I actually don't think that's true. My understanding is that on x86, atomic inst...

JoeAltmaier · on May 31, 2012

Locks are often implemented using an xchg instruction, which is implicitely locked.

All processor's caches are committed/flushed for the affected cache line. So its correct to say other processors are slowed down. But it also in that sense IS a main memory operation, just not yours.

scott_s · on May 31, 2012

To be clear, then we agree that haberman was correct, and the value can be changed in cache.

JoeAltmaier · on June 1, 2012

Sure. It just isn't useful in cache. If it is a real lock, it has to be shared. Either the caches have to reconcile, or it has to go to main memory.

haberman · on June 1, 2012

Just because a lock is shared does not mean that it's contended.

For example, some multi-threading techniques attempt to access only CPU-local data but use locks purely to guard against the case where a process is moved across CPUs in the middle of an operation (thus defeating the best-effort CPU-locality).

JoeAltmaier · on June 1, 2012

But it has to be available to those multiple cpus, right? So it has to go down to memory and back up to cache. Contended or not.

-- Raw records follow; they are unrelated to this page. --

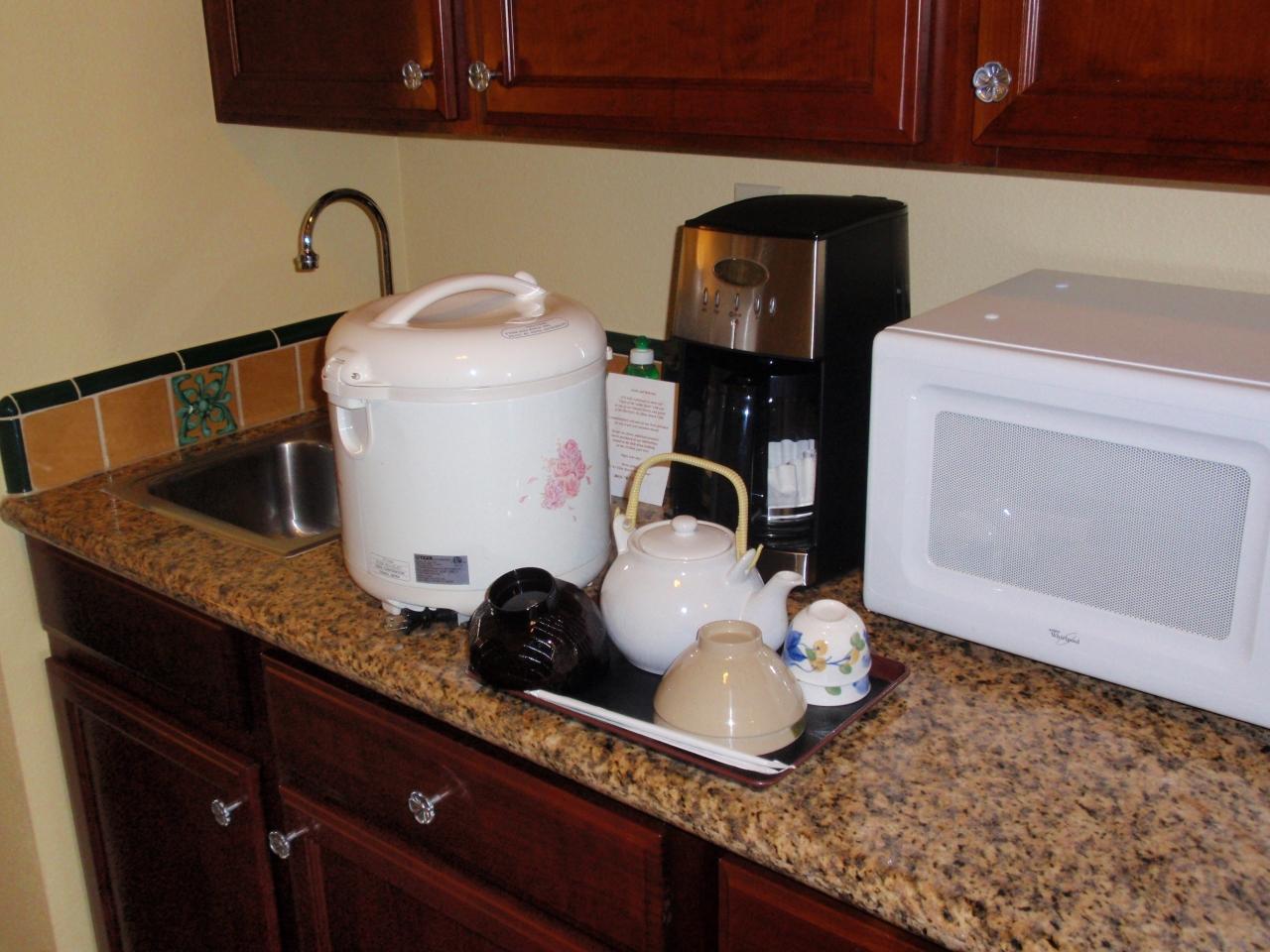 スタジオルームにも一応ミニキッチンが付いているので、自炊グッズも揃ってました。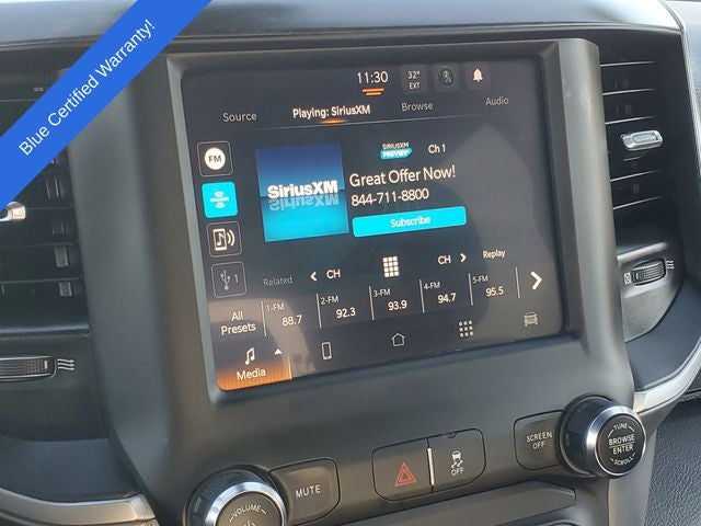Inside, the Big Horn offers a comfortable and well-appointed interior, with a premium cloth 40/20/40 split bench seat, power-adjustable driver's seat, and a user-friendly Uconnect 5 infotainment system with an 8.4-inch display. Stay connected with features like Apple CarPlay, Google Android Auto, and a 4G LTE Wi-Fi hotspot, while enjoying the convenience of steering wheel-mounted audio controls and a rearview camera.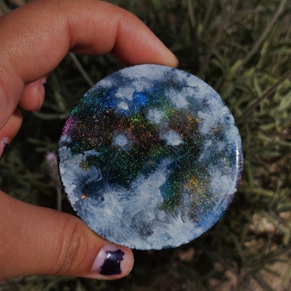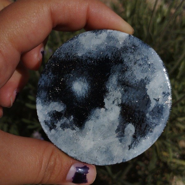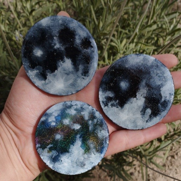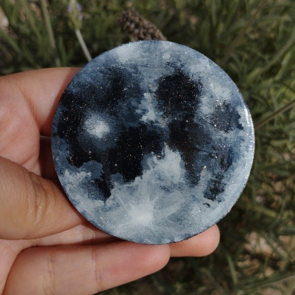 Imanes en base de madera de 6cmx0.5cm de espesor. Tienen lunas pintadas en acrílico y barnizadas con un sutil relieve y pigmentos encapsulados.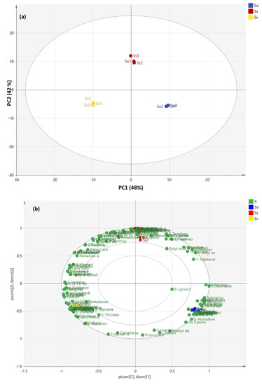 PCA score plot: (a) biplot; (b) based on GC-MS chemical profile of the essential oils of different Salvia species as displayed in Table 1. S. officinalis (So), S. virgata (Sv) and S. sclarea (Ss).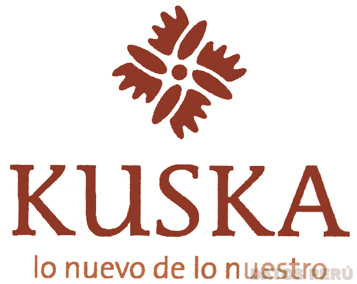 El logotipo conformado por la denominación KUSKA escrita en letras características y en la parte superior la representación estilizada de una flor y figuras irregulares, y en la parte inferior la frase LO NUEVO DE LO NUESTRO, todo en color marrón en distintas tonalidades; conforme al modelo adjunto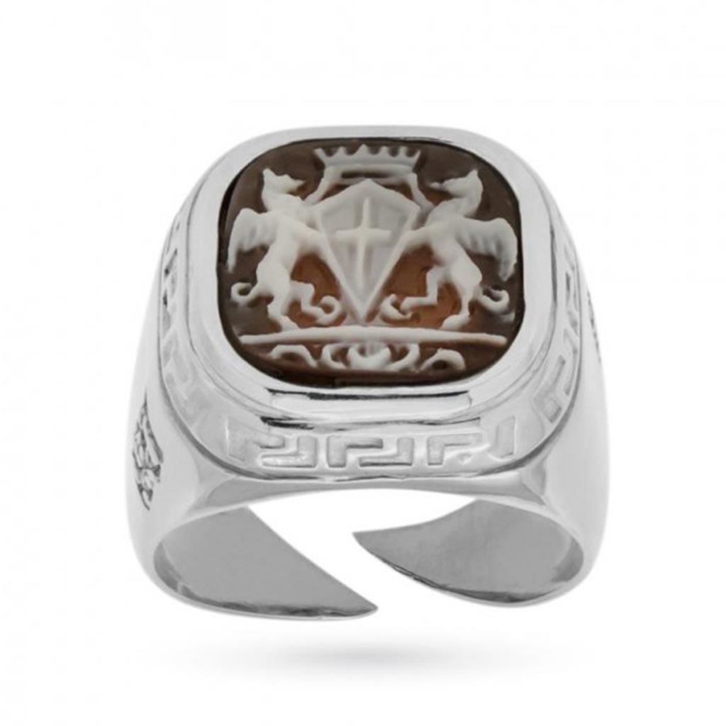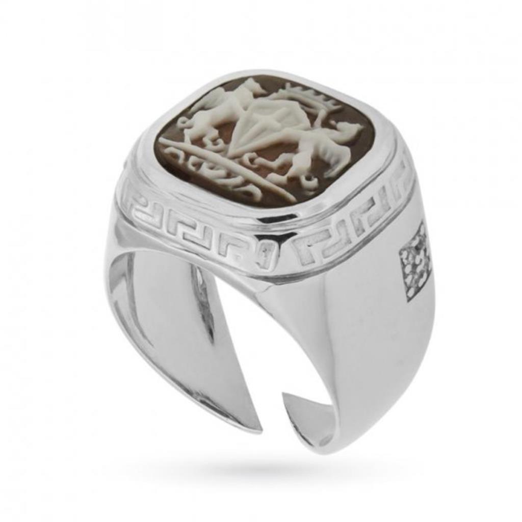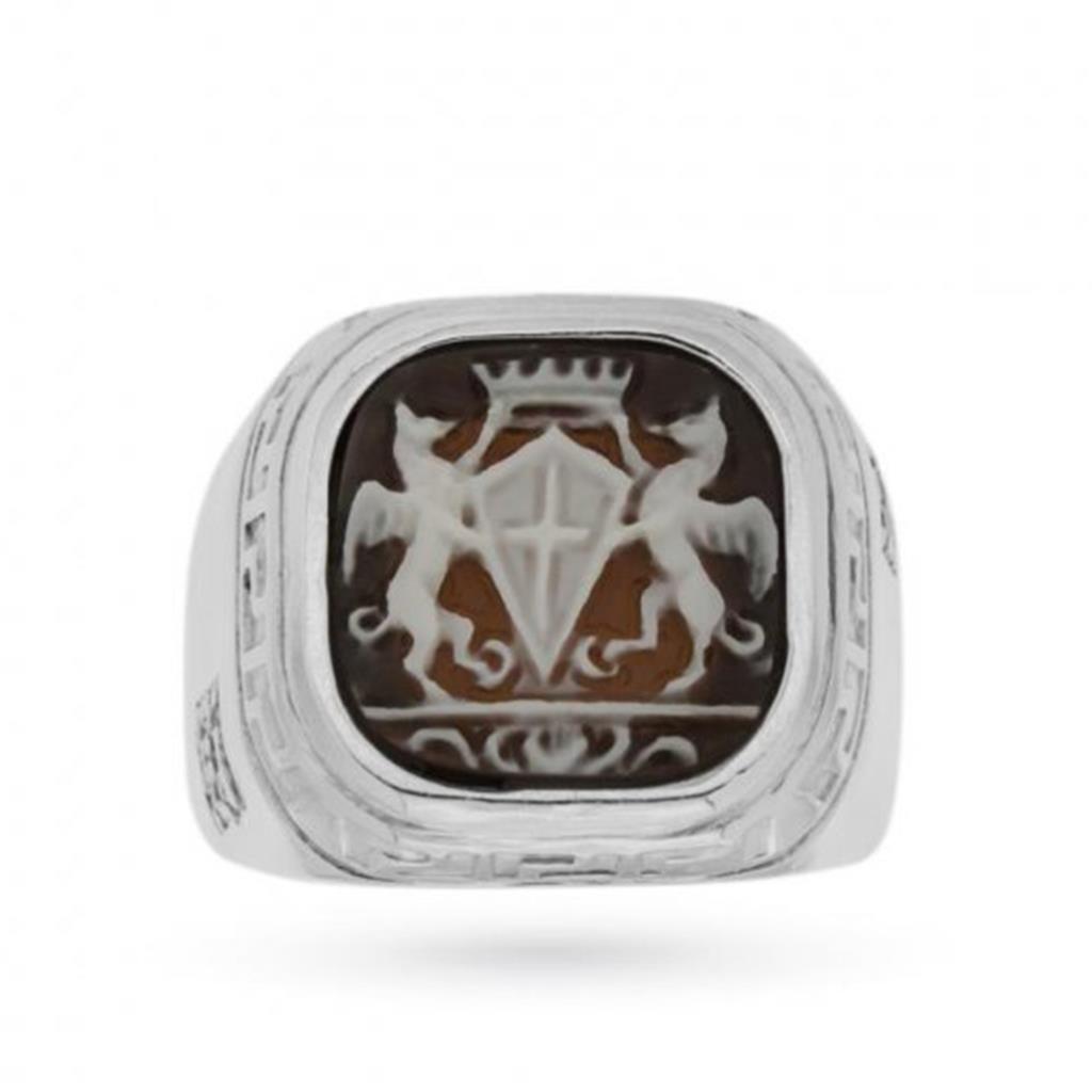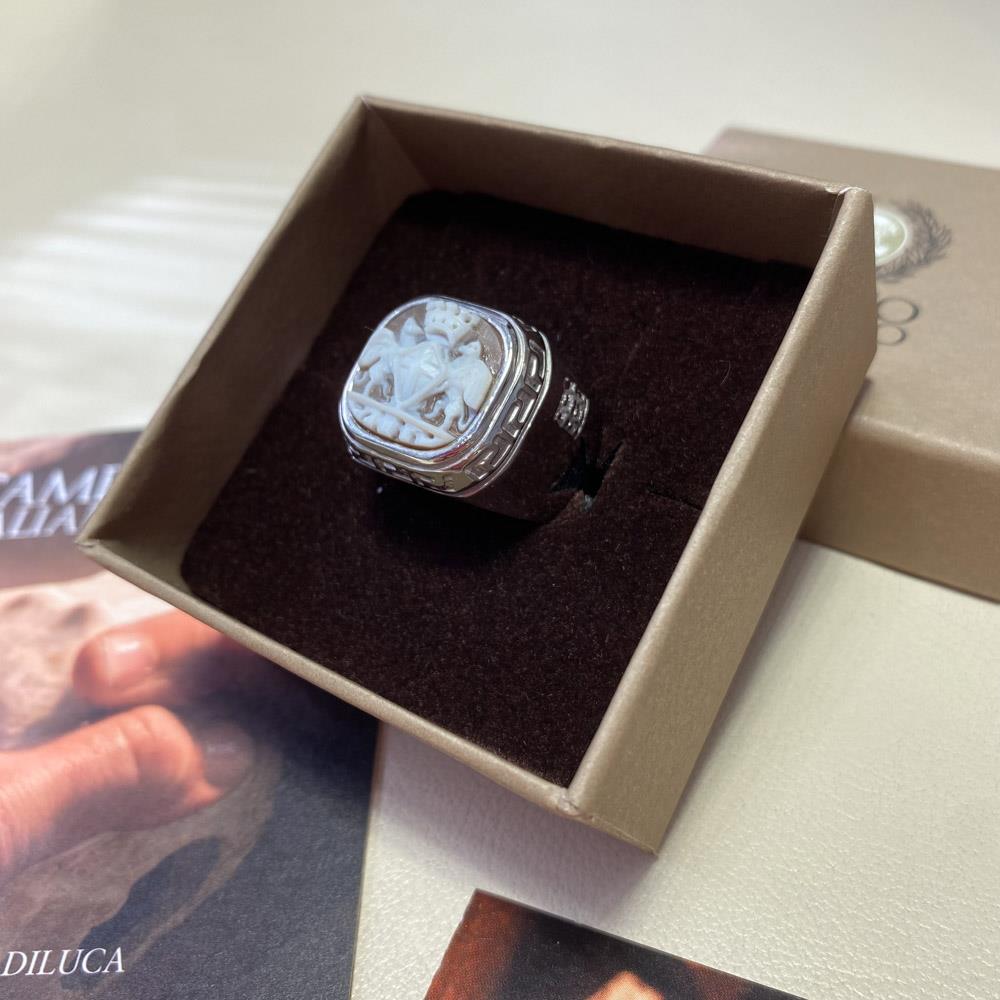 L'anello di Genova è realizzato con una elegante montatura in argento 925 anallergico nickel free con superficie lucida con piccoli zirconi taglio brillante. All'apice del gioiello è presente un particolarissimo cammeo di conchiglia naturale realizzato artigianalmente da maestri incisori a Torre del Greco, in Italia con misure 15,5 mm x15,5 mm circa. Il gambo è aperto e regolabile in autonomia a seconda del dito a cui si desidererà indossarlo, variabile dalla misura 24 alla misura 33.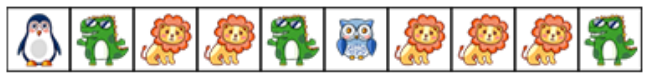 如果连续 <span class="katex math inline" style="font-size:1.21em;line-height:1.2;font-family:KaTeX_Main, "">3</span> 个以上动物卡片相同,且数量是奇数的,只能两两相除,剩下 <span class="katex math inline" style="font-size:1.21em;line-height:1.2;font-family:KaTeX_Main, "">1</span> 个不能消除。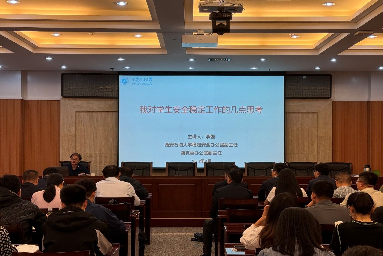 9月29日上午,學校穩(wěn)定安全辦公室副主任兼黨委辦公室副主任李強在鄠邑校區(qū)圖書館第一會議室作學生安全穩(wěn)定工作專題培訓,學校全體輔導員參加培訓,學生工作部副部長畢軼慧主持會議。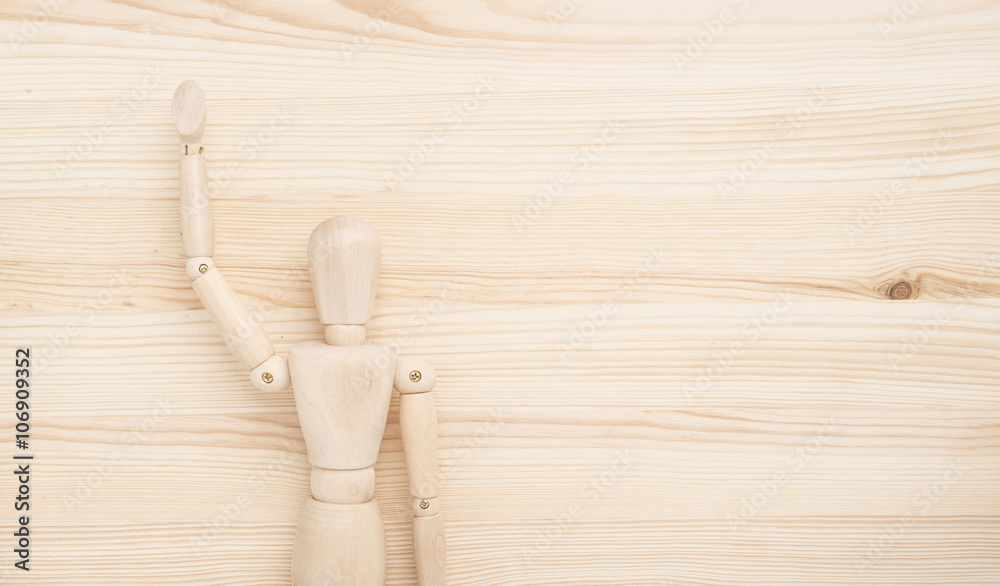 Greeting figure on wooden background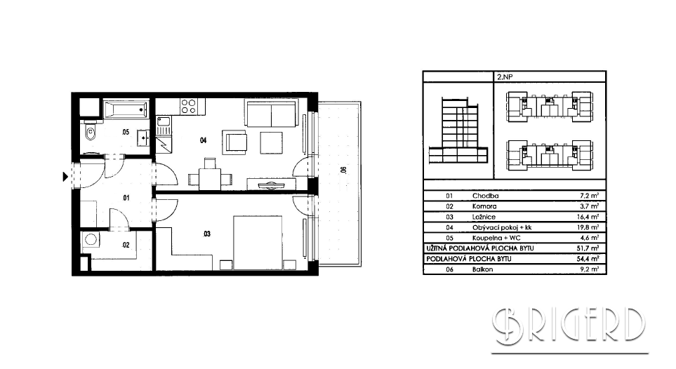 Компания ВRIGERD предлагает квартиру 2+КК 61m² с балконом в новом жилом комплексе «Тулипа Сити» в районе Высочаны - Прага 9 в пешей доступности от метро. Квартира расположена на 2 этаже резиденции и ориентирована в парк. Из прихожей (7,2 m²) Вы можете попасть в гостиную с кухонным уголком (20,8 m²) и спальню (16,4 m²), которые обьединены общим балконом (9,2 m²), также есть ванная с туалетом (7,2 m²) и техническое помещение (3,7m²). Кроме того, в цену входит парковочное место в гараже и кладовка.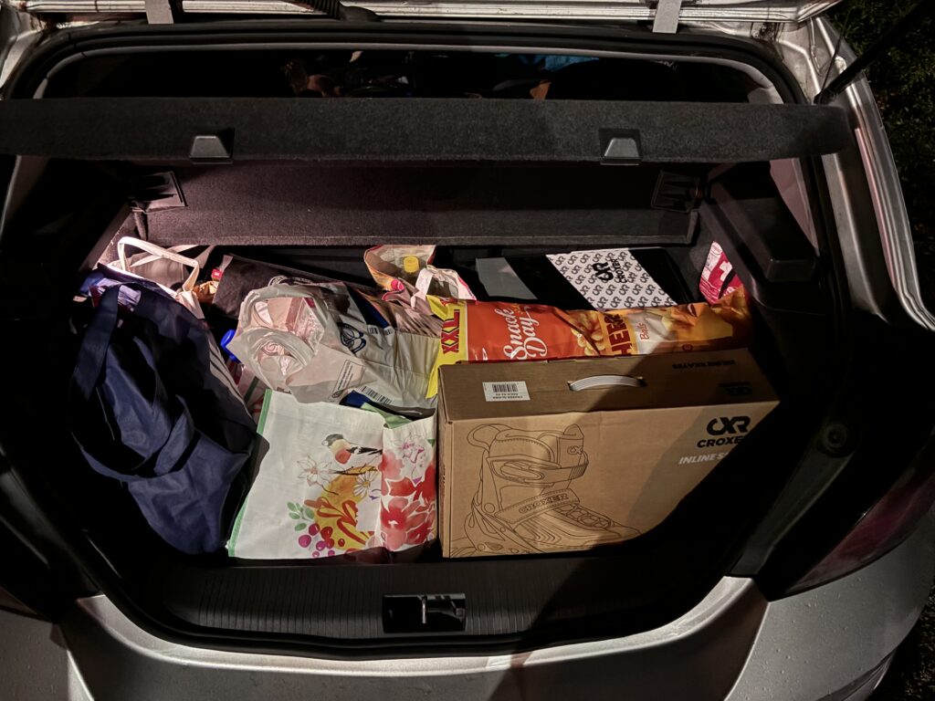 A sok-sok adományt látva ezúttal két autóval készültünk és szükség is volt rá, minden helyet kihasználtunk. Az autókba már délután bepakoltunk, aztán munka után nekivágtunk a városnak és fél hét körül megérkeztünk Csömörre, ahol a család apraja-nagyja már nagyon várt minket.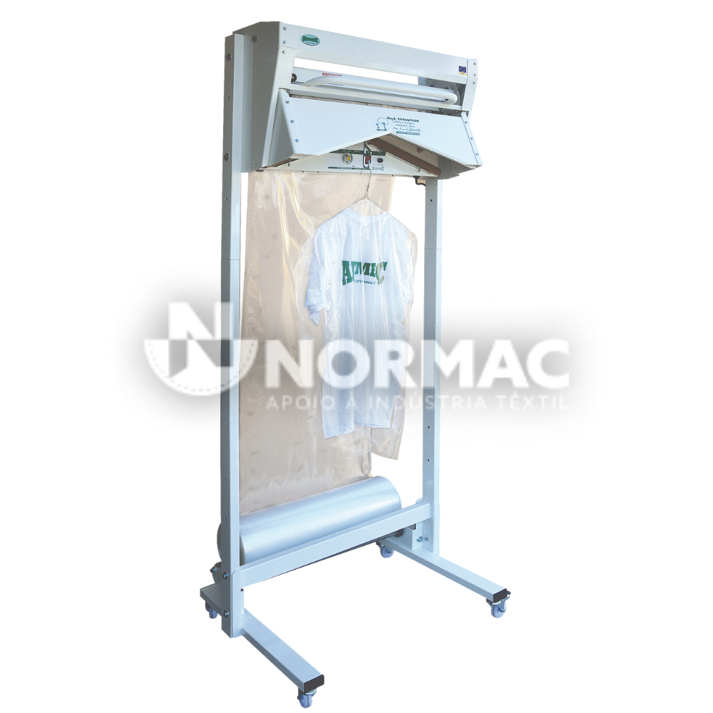 Máquina de Embalar manual com soldadura com corte oblíquo, com pé incorporado e suporte para rolo na parte inferior e com a possibilidade de colocar manga de 400 a 620 mm.

haberman · on June 1, 2012

Maybe I'm missing something, but if the cache line is only in use by one CPU, I don't see why the value would need to be immediately propagated to main memory or to any other CPU's cache until it is written as part of the normal cache write-back.

gvb · on June 1, 2012

Correct. Typically the cache snoops the main memory bus. If a remote CPU starts a read on a cached memory location, the caching CPU sends a "stall" or "retry" signal to the reader, does a cache flush to main memory, and then lets the remote CPU proceed with the (now correct) main memory read.

scott_s · on June 1, 2012

It's useful for fields (not just locks; I'm thinking of lock-free algorithms that do a compare-and-swap directly on a value) that have low contention.

JoeAltmaier · on June 1, 2012

Even uncontended, the value has to be reconciled between cpus/caches. So it has to be plumbed down thru all the caches, then back up.

scott_s · on June 1, 2012

That's my point: uncontended values may not be in any other caches.